Their attempts have failed. In late 2001 there was a coup, and a secret shadow government was established at that point that has no checks or balances, and which is completely ruthless. It exploited elementary flaws in the architecture of the internet to spy on the whole world not excluding Americans on American soil (the internet sends US emails, phone calls, etc. all around the globe bouncing off servers, and you can’t scoop up all the fiber optic traffic going to the UK across the Atlantic without scooping up Americans’ information). It doesn’t tell the relevant House and Senate committees or the judiciary what it is really up to, or even, I suspect, the president.

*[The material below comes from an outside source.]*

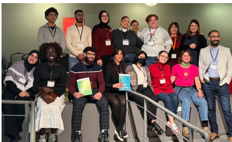
Figure 9: Youth PVE panel at the Canadian Centre for Safer Communities National Conference in Halifax 2025

conference that convened 155 participants including a delegation of youth for three days of learning and knowledge mobilization (see figure 10).

An indication of how these things are actually done surfaced when Glenn Carle, a retired CIA officer, and some others inside the agency, told the New York Times’s James Risen in 2011 that the Bush White House asked the CIA to “get” me (Juan Cole) wanted to find personal information on me with which to discredit me. Carle’s and others’ courageous pushback (he said “hell, no, that’s illegal and might destroy the Agency!”) helped stop this criminal conspiracy of the Neocons in its tracks. But others at the Agency were perfectly willing to go along, and if Carle hadn’t been there, who knows what would have happened? And if the White House could try to use the CIA against an obscure Midwest college professor with a blog, imagine what they were doing to other more important people.
More came out on Democracy Now! that summer.
By the way, Barack Obama’s DOJ is prosecuting the courageous James Risen for his national security journalism, which is despicable. After all, what the White House ordered the CIA to do to me was presumably classified, so he revealed classified information. It is all classified, Mr. President, the wrongdoing along with the things gotten right. You can’t have journalism if you prosecute all leaks.
Cenk Uygur talks about the scandal here:
I should say that I’ve met many US intelligence analysts who were highly professional and did a hard job in which they sometimes risked their lives. Many have performed great services to the US in rolling up core al-Qaeda. I was proud to consult in Washington with a range of USG officials from many agencies about how to do that in the zeroes. But what we’re now learning about the extent of NSA snooping (not to mention earlier revelations about black sites, torture and the whole horror show in Jane Mayers” The Dark Side) underscores that things have gotten out of control and major reform is absolutely necessary. Intelligence shouldn’t be a danger to the values of the republic it purports to serve.